Not so fast, because as Fox News’ Cheryl Casone reported yesterday morning on Cashin’ In, there’s a huge Medicare hangover that must be addressed, and sooner rather than later: Because the baby boomers and their Medicare threaten to bankrupt our country and consume the federal treasury.

After the ball dropped, the bombshell: Starting today, one baby boomer every eight seconds will turn 65 and qualify for Medicare. That is nearly three million folks this year alone.

The boomer milestone comes just days after the White House announced new Medicare rules regarding end-of-life counseling.

Someone here says it’s no coincidence: The government is now rationing care to pay for the massive healthcare law.

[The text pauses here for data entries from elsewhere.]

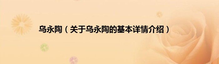 本文关于乌永陶的基本详情介绍就讲解完毕,希望对大家有所帮助。
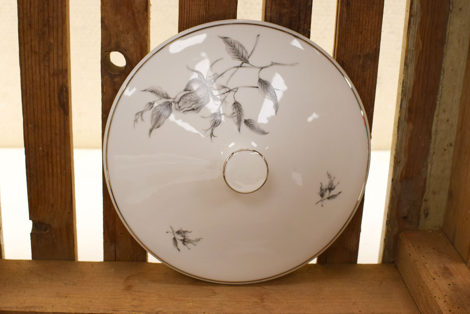 Porseleinen afdekschaal met prent van een roos 50162
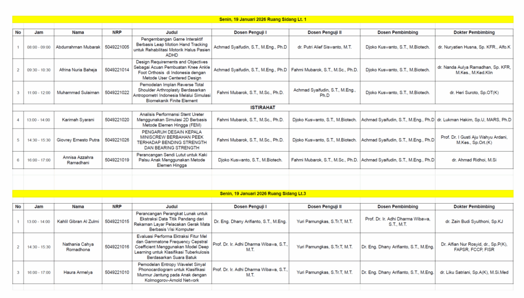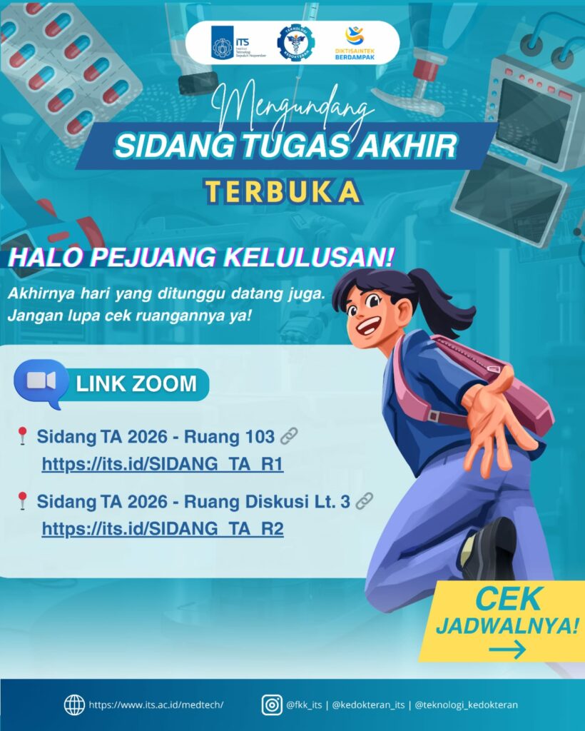 Agenda: Sidang Tugas Akhir Terbuka 2026 Departemen Teknologi Kedokteran – ITS mengundang Bapak/Ibu, rekan mahasiswa, dan masyarakat umum untuk
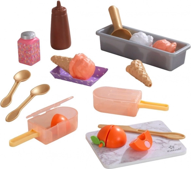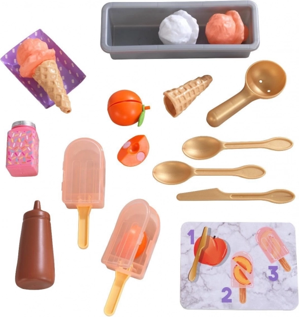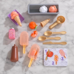 Letní dobrota po celý rok! Sada KidKraft Create & Cook broskvové nanuky přináší dětem realistickou hru na přípravu dezertů – od krájení ovoce až po zdobení čokoládovou omáčkou. Průhledné formičky na nanuky umožní dětem vidět, jak „ingredience“ vypadají uvnitř, a zmrzlinové kuličky do kornoutů zase potěší malé cukráře.
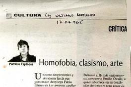 Homofobia, clasismo,arte [artículo] Patricia Espinosa.
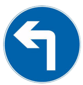解析:本题主要考察道路交通标志。蓝色-指示,向左转弯:表示只准一切车辆向左转弯。此标志设在车辆必须向左转弯的路口以前适当位置。因此选择"向左转弯"。
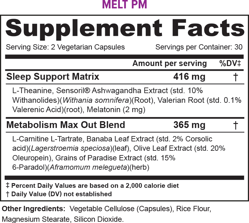 Vitauthority’s Melt PM is a premium nighttime weight loss and sleep support supplement designed to help you burn fat while promoting deep, restful sleep. Featuring L-theanine and Sensoril® Ashwagandha, this formula supports relaxation, stress reduction, and improved sleep quality without grogginess. Valerian root and melatonin work together to promote natural, non-habit-forming sleep support, while L-carnitine and Grains of Paradise enhance fat metabolism and calorie burning even while you rest. With a flexible adjustable melatonin dose, Melt PM ensures you wake up feeling refreshed and energized. Free from artificial additives, this stimulant-free, nighttime metabolism booster is the perfect way to support your weight loss and recovery goals overnight.
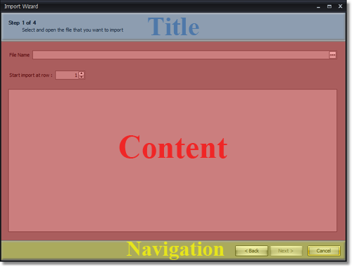 To navigate to the next / previous step use the navigation buttons at the bottom of the Import Wizard.
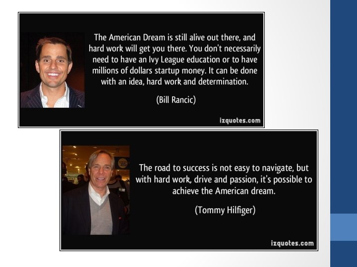 Andrew Carnegie: An Example of the American Dream A “Rags to Riches” story. Born in 1835 in Scotland, he immigrated to America in 1848 with his very poor parents. He worked hard and led the expansion of the steel industry. In 1901 he sold Carnegie Steel Company for $480 Million (in 2015, $13. 6 Bllion) He donated about 90% of his fortune.
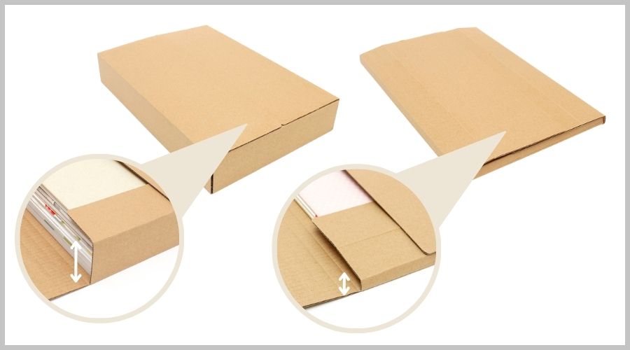 多当式ダンボールは高さが5段階で調節ができます。それぞれ13.5mm間隔で空いており、高さは最大で54mmになります。段ボールの高さを調節することで、内容物に対してピッタリと梱包することができ、余分な緩衝材を使わずに済みます。ネット通販やフリマアプリなどの発送におすすめ。
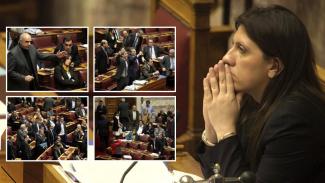 O κοινοβουλευτικός εκπρόσωπος της ΝΔ Κυριάκος Μητσοτάκης, φώναξε «Ντροπή». Επίθεση κατά της κας Κωνσταντοπούλου εξαπέλυσε ο Γιάννης Βρούτσης λέγοντας: «Έχετε συγκεντρώσει το θυμό και την οργή σχεδόν του συνόλου του Κοινοβουλίου... Οι πράξεις σας είναι επιεικώς καταχρηστικές».

Is that what’s really going on?

Absolutely. As Washington Post columnist Charles Krauthammer has observed

Obamacare’s notorious Section 1233, mandating government payments for end-of-life counseling [is back] — by administrative fiat.

A month ago, Medicare issued a regulation providing for end-of-life counseling during annual “wellness” visits. It was all nicely buried amid the simultaneous release of hundreds of new Medicare rules.

This “death panel” provision, Krauthammer notes, “aroused so much anxiety as a possible first slippery step on the road to state-mandated late-life rationing.” And so, “the Senate never included it in the final health-care law.”

But what Congress takes away, the Obama administration steals back through “regulatory stealth.” For Obama and his team, after all, “the will of Congress is a mere speed bump” on the path to “progressive progress.”

“This is the creepiest thing I’ve ever heard,” said Cashin’ In panelist Tracy Burns. “You’re going to counsel me at death?”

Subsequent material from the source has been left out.